╭──

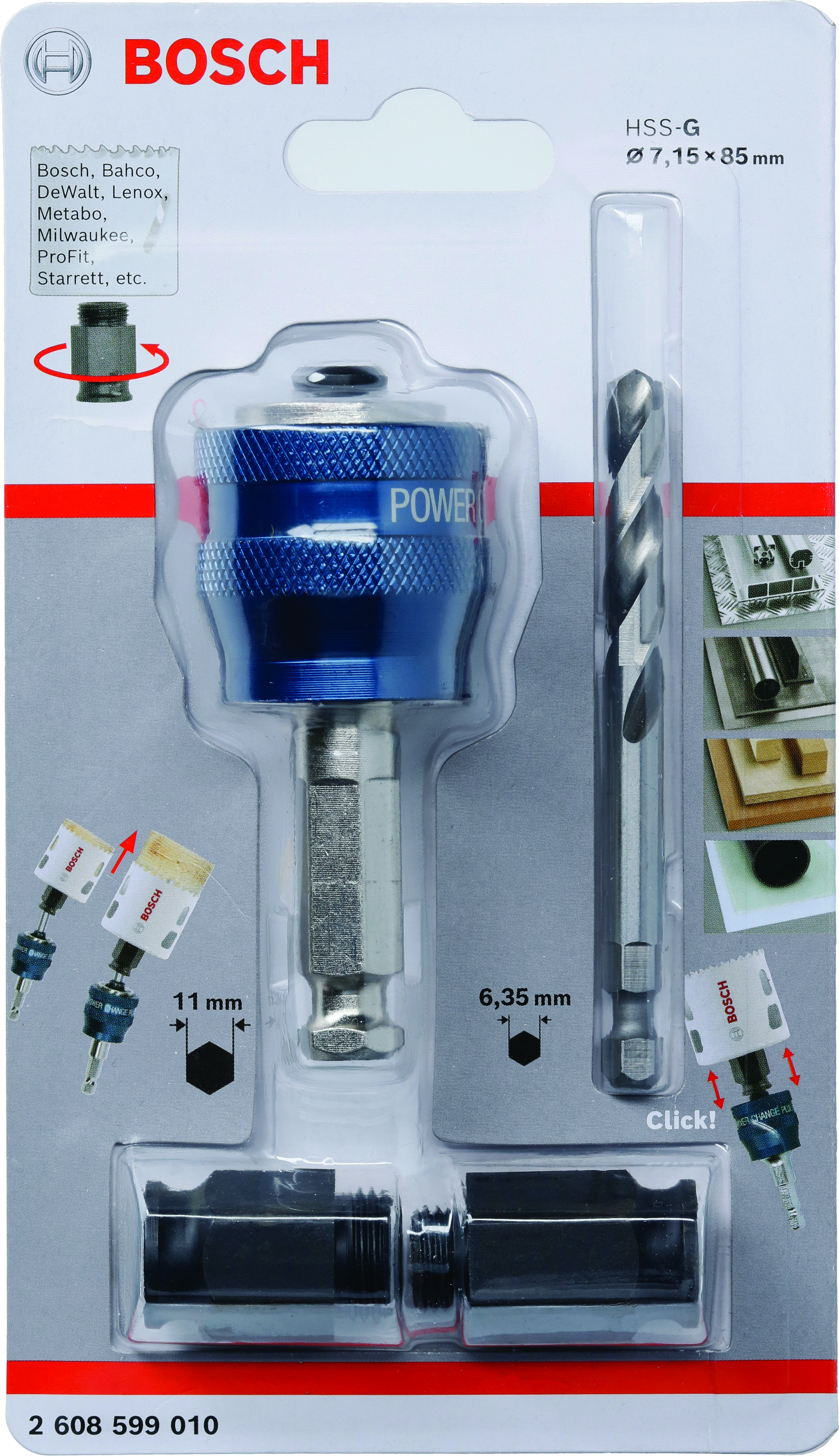 z uchwytem sześciokątnym 9,5 mm. Do pił otwornic o średnicy 14-210 mm. Bez wiertła centrującego.
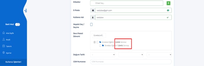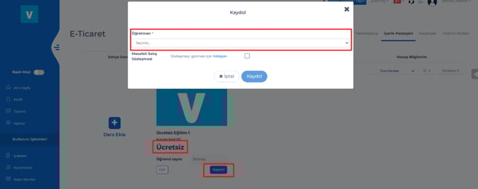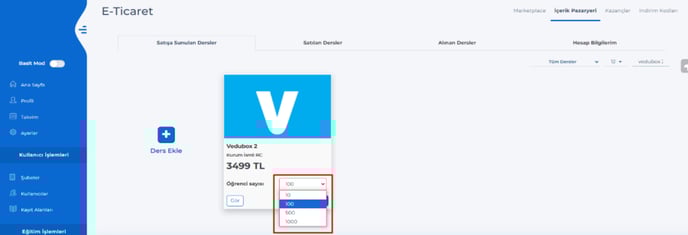 Ücretsiz bir eğitim satıldığında ise sınırsız kullanıcı kaydı yapılabilecek.
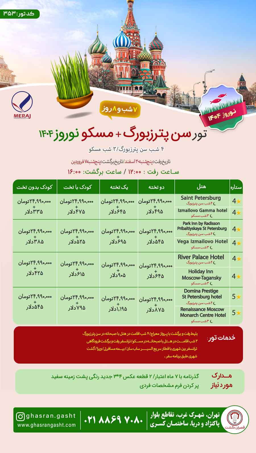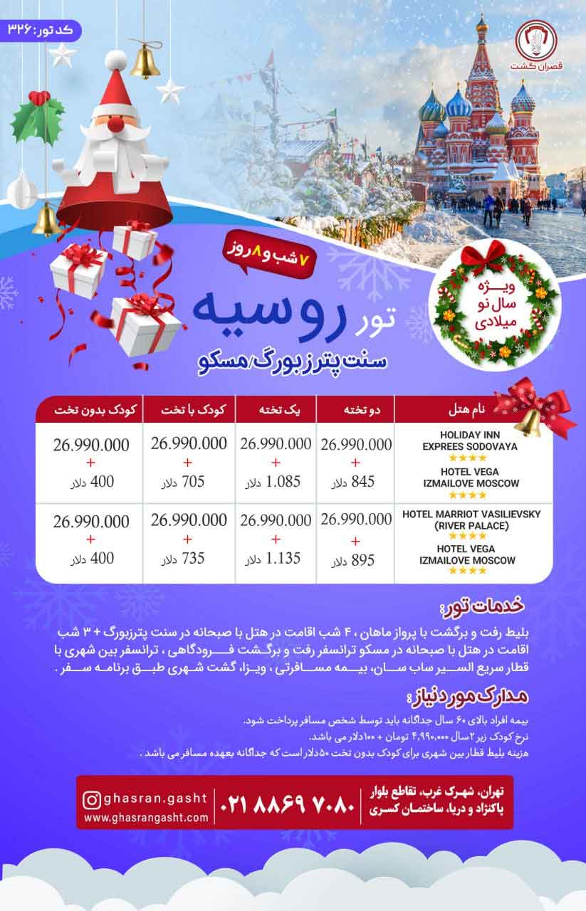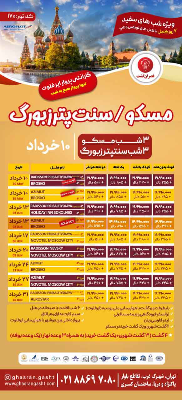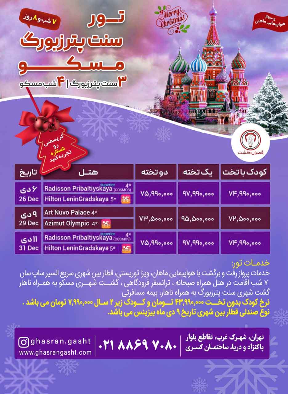 قصران گشت با سال ها تجربه در زمینه اخذ ویزا و همچنین برگزاری تور در خدمت شما عزیزان است. چنانچه قصد سفر به کشور روسیه و استفاده از تور روسیه را دارید جهت هرگونه مشاوره با شماره 02188697080 تماس حاصل فرمایید تا از مشاوره رایگان کارشناسان مجرب ما برخوردار شوید.
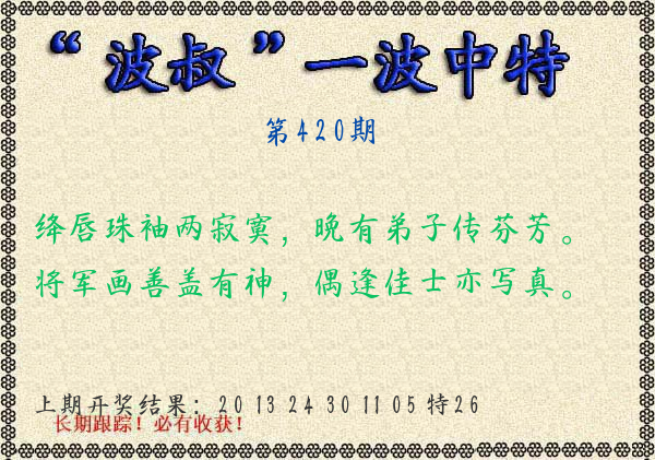 0420期绝杀一波 【红波】 开 ??????? |
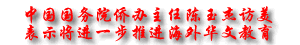 本報(bào)訊:中國(guó)國(guó)務(wù)院僑辦主任陳玉杰于11月5日在美國(guó)紐約看望當(dāng)?shù)氐娜A僑華人,并同當(dāng)?shù)厝A僑華人座談。座談時(shí)陳玉杰主任表示,國(guó)僑辦將制定階段性計(jì)劃,推進(jìn)海外華文教育的發(fā)展。
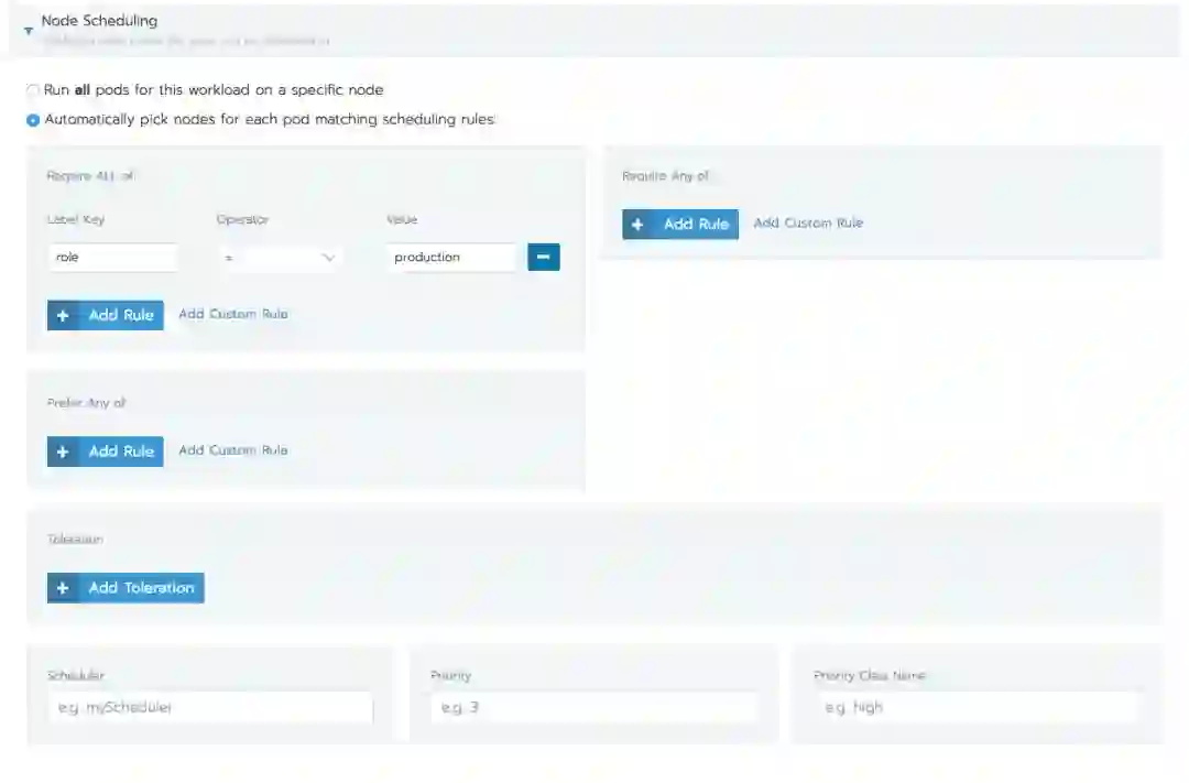 Rancher还允许您通过Kubernetes标签控制工作负载的调度。除了污点和容差之外,在部署工作负载时,您可以为主机设置必须、应该或可以具有的标签,这些标签会控制Pod的部署位置。 如果您的环境是静态的,您还可以将工作负载安排到特定节点。
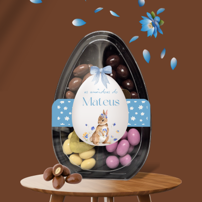 Caixa de Amêndoas formato Ovo Personalizada com Nome do Afilhado
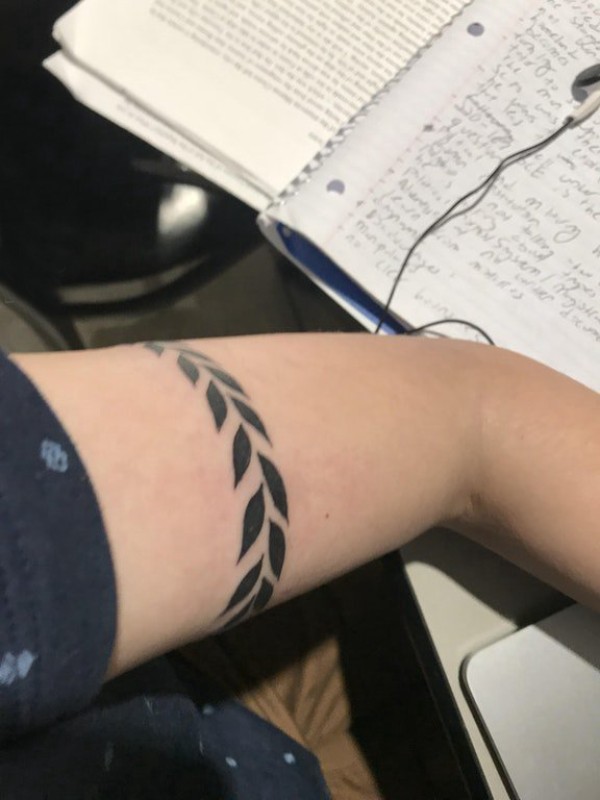 植物纹身 女生大臂上黑色的植物臂环纹身图片
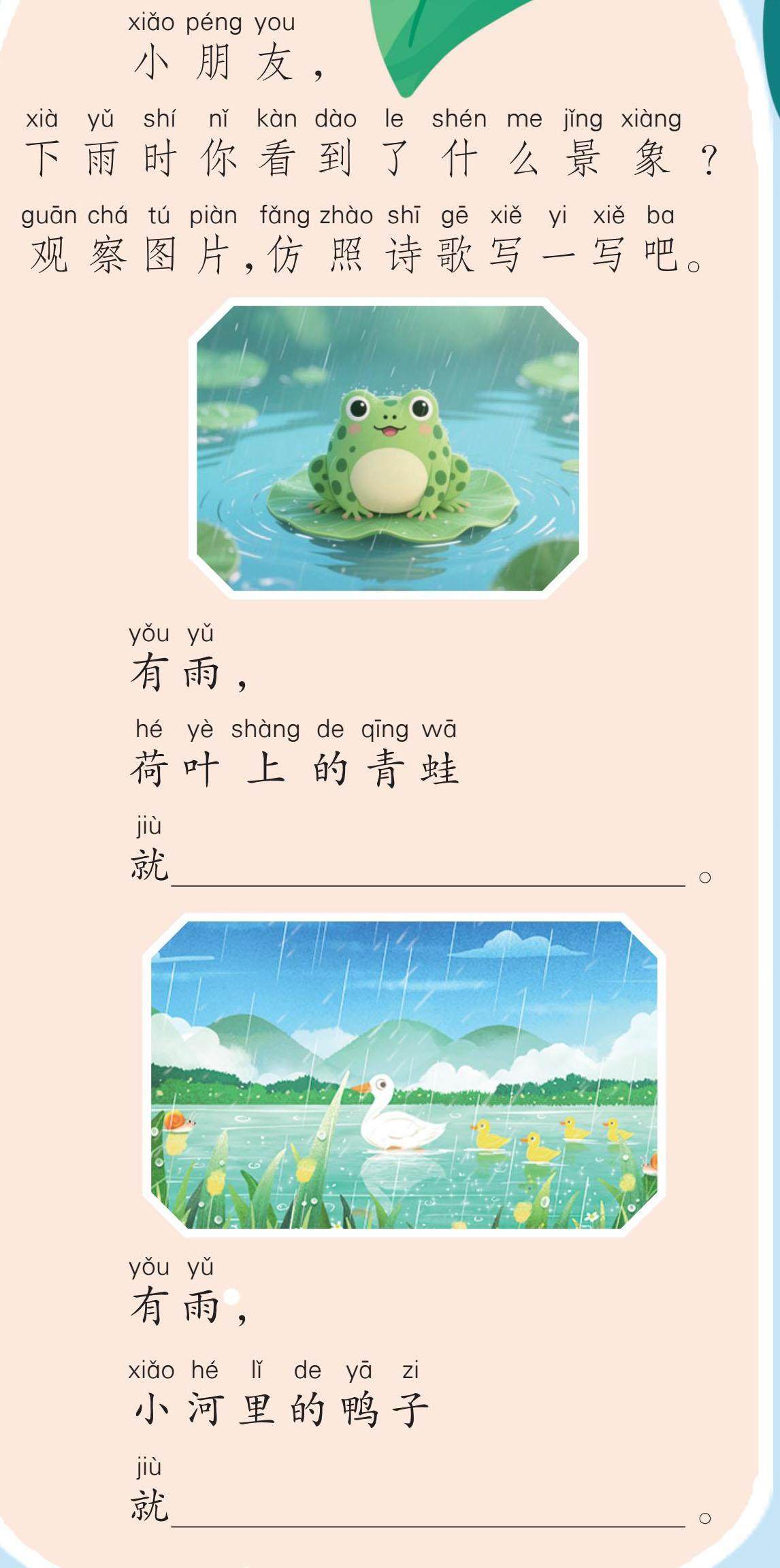 有yǒu雨yǔ, 我wǒ家jiā门mén前qián的de小xiǎo河hé 就jiù欢huān快kuài地de笑xiào了le。 有yǒu雨yǔ, 我wǒ家jiā院yuàn子zi里lǐ的de树shù 就jiù一yì棵kē棵kē都dōu胖pànɡ了le。 有yǒu雨yǔ, 我wǒ家jiā后hòu面miàn的de山shān 就jiù不bù老lǎo了le。 有yǒu雨yǔ, 我wǒ们m
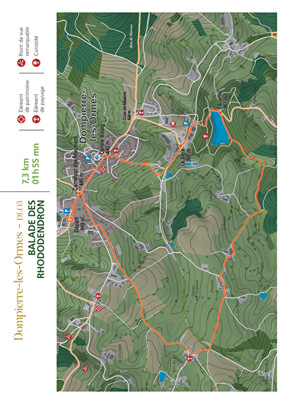 Du parking du camping des Meuniers, se diriger vers le centre de Dompierre-les-Ormes. Arriver sur la D 41 (rond-point).
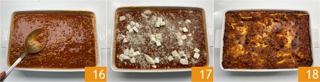Terminad con una abundante capa de ragú 16, mozzarella y queso rallado 17. Cocinad en un horno estático precalentado a 200° durante unos 20 minutos, luego activad el grill y continuad la cocción por otros 10 minutos. Sacad del horno y dejad reposar unos minutos antes de servir vuestras lasañas sin bechamel 18.
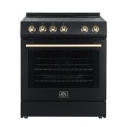 Forno Leonardo Espresso 30" Freestanding Electric Range in Black, True Convection, 4 Radiant Elements, FFSEL6012-30BLK:

╰──

* Exercise requirements
Copy only these lines from the records above, exactly: the one with "0420期绝杀一波 【红波】 开 ??????? |", the one with "本報(bào)訊:中國(gu", and those between. Skip the pictures.

* Your solution
 0420期绝杀一波 【红波】 开 ??????? |
 本報(bào)訊:中國(guó)國(guó)務(wù)院僑辦主任陳玉杰于11月5日在美國(guó)紐約看望當(dāng)?shù)氐娜A僑華人,并同當(dāng)?shù)厝A僑華人座談。座談時(shí)陳玉杰主任表示,國(guó)僑辦將制定階段性計(jì)劃,推進(jìn)海外華文教育的發(fā)展。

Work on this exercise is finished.